Good luck with the repair if you want to convert to manual ONLY.


----------



## Eagle Eye (Jan 11, 2017)

eve said:


> Preppy and others: What company did you buy your lens insurance through? Do you have to buy it at the time of purchase? Am thinking of doing this as well.



You'll find a lot of discussions of insurance on here. Personally, I just called my insurance company (USAA) and told them I wanted to insure my camera gear. I pay about $125 to insure $10,000 worth of gear a year. Covers accidental damage and theft.


----------



## EvvPhotog (Jan 16, 2017)

Ouch! I have this exact problem with mine and was getting ready to send it in for a quote.

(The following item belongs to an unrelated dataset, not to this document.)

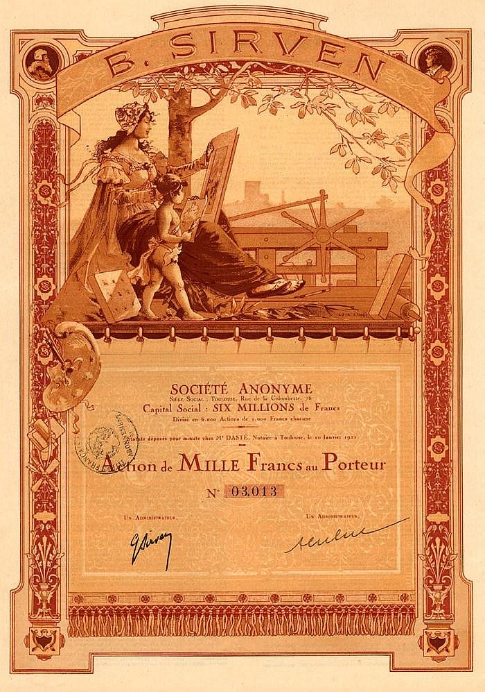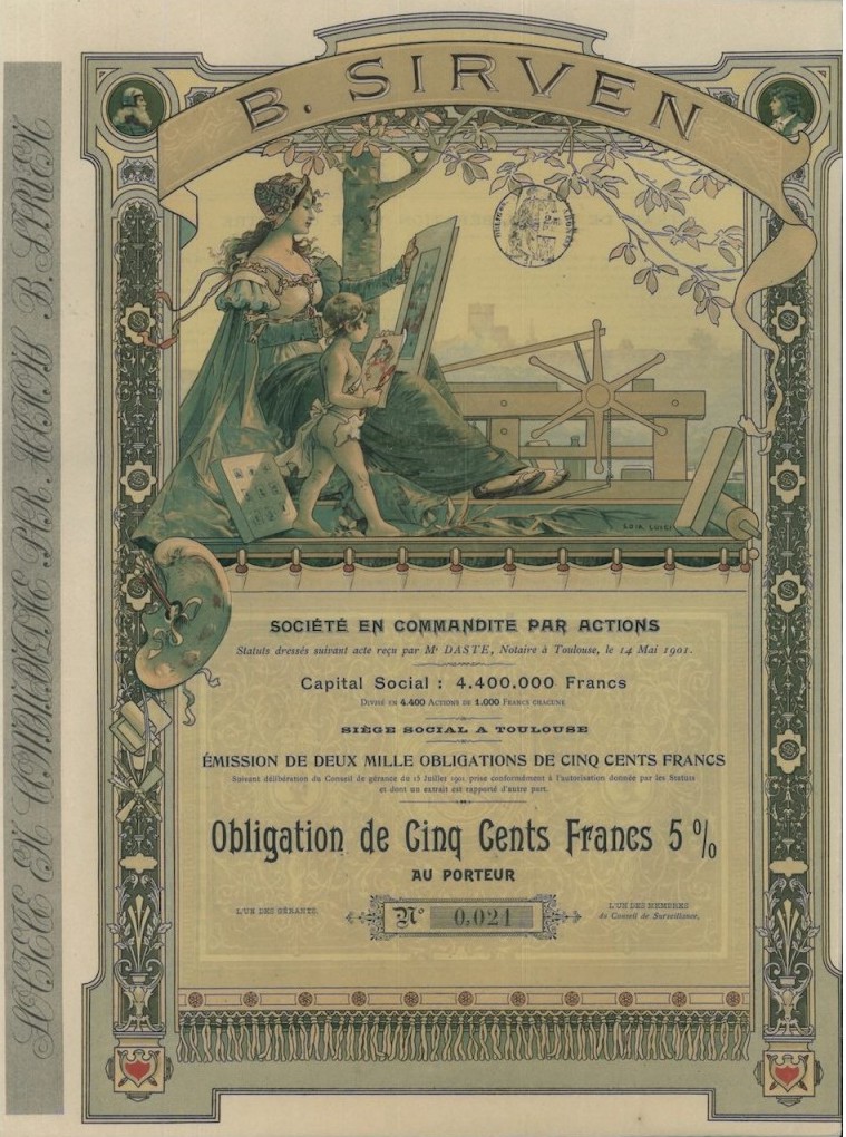 Splendida grafica a cura del famoso pittore francese Luigi Loir (1845 - 1916, firma sul fronte in basso a destra) noto per le sue litografie con vedute di Parigi. Agli angoli superiori piccoli medaglioni con ritratti di Gutenberg, ideatore della stampa a caratteri mobili e del poeta boemo Senefelder che, nel 1796, inventò casualmente la litografia. La Sirven, famosa stamperia d'arte nota soprattutto fra i collezionisti di stampe litografiche, possedeva anche una cartiera, una legatoria e produceva articoli di cartoleria e per ufficio.

I bought this one used for what the repair would cost. That sucks! :-(


----------



## sama (Jan 16, 2017)

I researched and came across this post months ago when my 85 1.8 had a manual focus slip problem. I just adjusted the USM retaining ring (silver) a bit and it worked. I pushed the ring a bit (may be less than 1cm) clockwise to tighten it up and the manual focus ring became fully engaged. 

The original loctite seemed to have cracked and failed to keep the retaining ring in position. I adjusted the tension of the ring according to loctite marks.

http://community.usa.canon.com/t5/Lenses/Canon-EF-24-70-F2-8-manual-focus-slip/m-p/165429/highlight/true#M7504


----------